02. Willingness (be willing to let go)
Hear me well: you must be honest with yourself about where you are refusing to tolerate what is happening in your life, refusing to make the changes that are needed, giving up on what you need to do, trying to fix situations that are not yours to fix, insisting that you be in control, and where you are attached to what you want right now. You need to be real with yourself. LIKE REALLY REAL. I promise this is where the magic happens, friend. Pause, reflect, observe, notice, wonder.
- Observe where you are willful
- Notice how willfulness is affecting your life
- Reflect on how things would be different if you were willing to tolerate the moment
- Wonder where this willfulness is coming from
- Decide whether you are going to continue to suffer, or if you are going to move forward
Even though this is tough at first, once you start to notice where you tend to be willful and what it feels like when you are stubborn, you will have an easier time embracing willingness instead. Willingness will allow you to stop pushing back at life and fully participate in it. And isn't that what we all want, to feel like we're fully living life?
03. Radical Acceptance (accept you must let go)
The mecca of all skills, the most straightforward yet most difficult, is radical acceptance. Once you have turned your mind towards acceptance and have become willing to accept – the question I often get is, now what? Now, you accept.

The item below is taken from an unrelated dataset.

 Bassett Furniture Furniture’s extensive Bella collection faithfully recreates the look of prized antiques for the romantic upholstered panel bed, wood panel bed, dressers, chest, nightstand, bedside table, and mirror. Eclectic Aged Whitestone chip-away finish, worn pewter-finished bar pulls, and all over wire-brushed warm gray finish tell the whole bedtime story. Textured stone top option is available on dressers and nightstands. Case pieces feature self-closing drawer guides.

This acceptance does not mean you approve, and it does not mean you like it. You are letting go of all resentment and bitterness, and all the way completely accept the moment.
- Notice you are questioning reality (ie, noticing thoughts like “It shouldn't have happened like this”)
- Remind yourself that this is what happened, even if you don't like it
- Acknowledge there is always a history that leads to this reality without focusing on the why
- Make of list of what you would do if you accepted this situation, then start engaging in those behaviors.
- Start to think about how your life could change for the better if you let go and accepted the situation.
- Allow yourself to feel any emotions this situation has brought up to process them.
- Reach out to others if you are struggling to accept, hearing another perspective always helps
- If you try everything and the resistance is still there – make a pro and con list to accepting, rip up the cons side, and tape the pro side to your bathroom mirror.
Remind yourself radical acceptance is not approval, compassion, love, passivity, or saying you are against change. It is I wouldn't say I like this, I might not agree, but I accept it. And BELIEVE THAT.
With some introspection and beginning to let go, you'll start feeling less stuck, less miserable, and ultimately freer. This change is not something that will automatically happen overnight, but the more you practice, and the more you allow yourself to let go, you will allow yourself to flourish into the calmest version of you. You got this, girl!